I have attached a minimal reproducer to the original post.
I have attached a minimal reproducer to the original post.
@TomasTomecek I see in the reproducer that you are dropping cap_setuid and cap_setgid. What we have achieved with the latest shadow-utils is the possibility to run without cap_sys_admin, but rootless containers still require cap_setuid and cap_setgid otherwise there is no way to use multiple UIDs/GIDs
@giuseppe, as @lslebodn figured out, openshift itself is dropping those capabilities. I have opened an origin issue over here: https://github.com/openshift/origin/issues/21514
this is a tricky issue, allowing cap_setuid and cap_setgid by default lowers considerably the security.

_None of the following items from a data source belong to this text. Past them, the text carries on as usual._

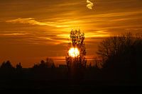 Zonsondergang achter bomen. Sfeer van de avond. Landschap in Duitsland
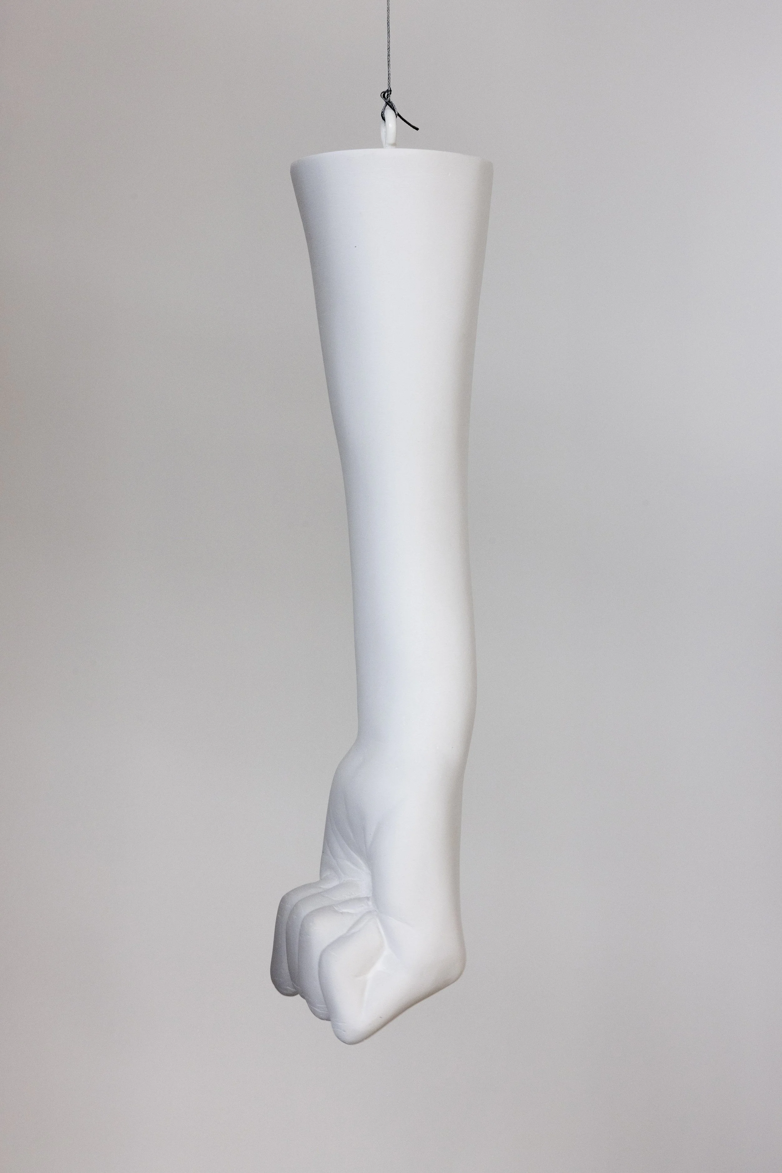 Two plaster works, which take as their starting point a vulnerable and challenged body, also maintain this sense of opposition. Feet standing on tiptoe in a moment of balance, and two detached forearms with clenched hands missing their thumbs, evoke uncertainty about direction and bodily orientation.
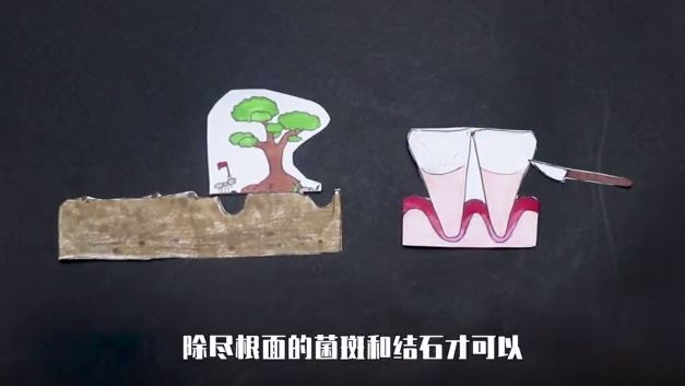 如果任由蚂蚁成员壮大,土壤就不再紧紧的包围树根,这就到了牙周炎。牙龈化脓、肿包,牙周膜也遭到破坏,牙槽骨逐渐吸收,牙龈与牙根开始分离。此时需要切开脓肿,除净根面的菌斑和结石才可以。

Potentially an unprivileged user could become any UID with the help of a suid application that is part of the image.
@giuseppe I think they also set no new privileges by default, which would torpedo that
I would figure you would need to have an SCC that adds these capabiltities and allows the user to run podman.
@TomasTomecek @giuseppe What should we do with this issue?
I think we can close it. There is nothing we can do without CAP_SETUID/CAP_SETGID, except have a single user mapped in the user namespace
I'm going to work in this area a bit more in coming weeks and might open more specific issues.